** EXERCISE INPUTS **

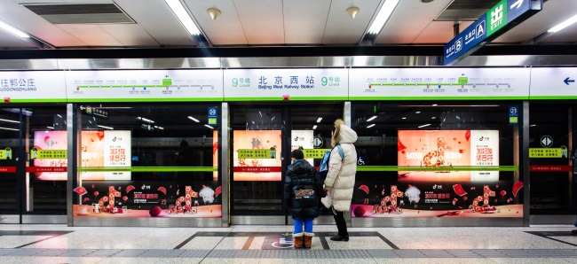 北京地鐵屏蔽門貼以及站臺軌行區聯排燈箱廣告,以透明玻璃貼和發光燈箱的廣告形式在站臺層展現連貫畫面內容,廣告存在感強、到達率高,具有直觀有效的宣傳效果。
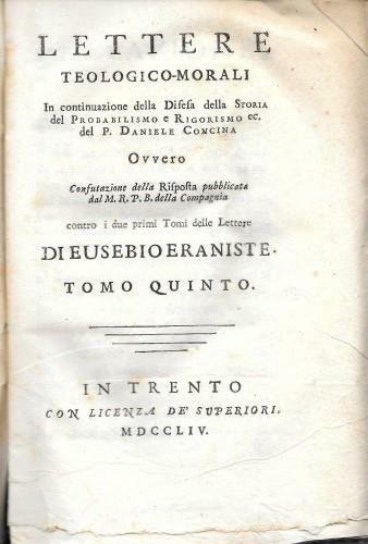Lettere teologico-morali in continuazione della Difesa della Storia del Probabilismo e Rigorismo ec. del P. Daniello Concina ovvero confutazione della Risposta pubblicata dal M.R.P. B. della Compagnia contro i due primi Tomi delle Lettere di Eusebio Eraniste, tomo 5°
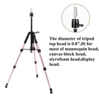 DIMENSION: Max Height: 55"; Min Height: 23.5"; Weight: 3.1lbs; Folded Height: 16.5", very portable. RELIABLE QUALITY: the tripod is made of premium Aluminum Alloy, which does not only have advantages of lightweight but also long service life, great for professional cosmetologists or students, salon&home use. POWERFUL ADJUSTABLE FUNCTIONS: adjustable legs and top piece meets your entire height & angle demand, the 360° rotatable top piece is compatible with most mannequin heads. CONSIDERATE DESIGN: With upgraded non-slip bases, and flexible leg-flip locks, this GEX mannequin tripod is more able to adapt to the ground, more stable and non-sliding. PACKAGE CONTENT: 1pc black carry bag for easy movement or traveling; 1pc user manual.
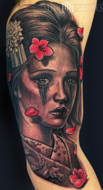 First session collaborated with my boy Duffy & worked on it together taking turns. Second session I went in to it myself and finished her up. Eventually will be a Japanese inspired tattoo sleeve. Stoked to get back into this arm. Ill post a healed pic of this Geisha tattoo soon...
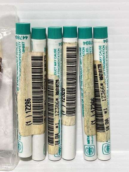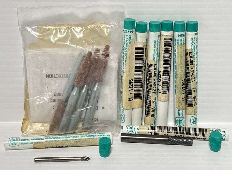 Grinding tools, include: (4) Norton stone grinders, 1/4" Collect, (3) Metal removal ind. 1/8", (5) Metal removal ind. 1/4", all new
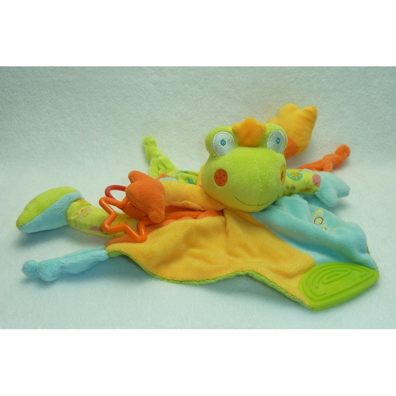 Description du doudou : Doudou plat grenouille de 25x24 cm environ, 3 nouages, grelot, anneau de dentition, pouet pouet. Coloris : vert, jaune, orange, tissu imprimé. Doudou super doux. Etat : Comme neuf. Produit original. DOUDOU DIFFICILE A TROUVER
...
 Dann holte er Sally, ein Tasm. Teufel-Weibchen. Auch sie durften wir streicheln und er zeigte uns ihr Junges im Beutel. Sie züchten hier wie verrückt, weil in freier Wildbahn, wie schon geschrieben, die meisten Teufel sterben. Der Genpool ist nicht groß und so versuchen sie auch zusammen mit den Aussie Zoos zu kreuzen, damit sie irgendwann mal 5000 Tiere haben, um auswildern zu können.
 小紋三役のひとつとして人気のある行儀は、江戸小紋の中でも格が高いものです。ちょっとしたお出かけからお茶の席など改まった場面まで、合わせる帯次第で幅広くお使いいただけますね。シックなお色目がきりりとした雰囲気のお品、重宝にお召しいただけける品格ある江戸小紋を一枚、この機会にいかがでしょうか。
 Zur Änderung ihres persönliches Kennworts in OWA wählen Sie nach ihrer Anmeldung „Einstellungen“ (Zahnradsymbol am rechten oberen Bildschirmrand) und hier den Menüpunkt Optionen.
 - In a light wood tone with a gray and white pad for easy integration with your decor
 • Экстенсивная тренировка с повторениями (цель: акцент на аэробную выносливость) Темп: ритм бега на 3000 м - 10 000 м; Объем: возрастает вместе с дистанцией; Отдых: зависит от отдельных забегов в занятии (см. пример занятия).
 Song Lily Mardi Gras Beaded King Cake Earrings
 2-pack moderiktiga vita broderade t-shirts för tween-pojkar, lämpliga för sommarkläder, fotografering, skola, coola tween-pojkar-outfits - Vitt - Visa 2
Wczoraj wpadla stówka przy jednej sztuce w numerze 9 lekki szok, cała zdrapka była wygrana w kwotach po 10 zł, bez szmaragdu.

** WORK ORDER **
Could you copy each line in the listing above that includes the word "hier"?

** TASK OUTPUT **
 Dann holte er Sally, ein Tasm. Teufel-Weibchen. Auch sie durften wir streicheln und er zeigte uns ihr Junges im Beutel. Sie züchten hier wie verrückt, weil in freier Wildbahn, wie schon geschrieben, die meisten Teufel sterben. Der Genpool ist nicht groß und so versuchen sie auch zusammen mit den Aussie Zoos zu kreuzen, damit sie irgendwann mal 5000 Tiere haben, um auswildern zu können.
 Zur Änderung ihres persönliches Kennworts in OWA wählen Sie nach ihrer Anmeldung „Einstellungen“ (Zahnradsymbol am rechten oberen Bildschirmrand) und hier den Menüpunkt Optionen.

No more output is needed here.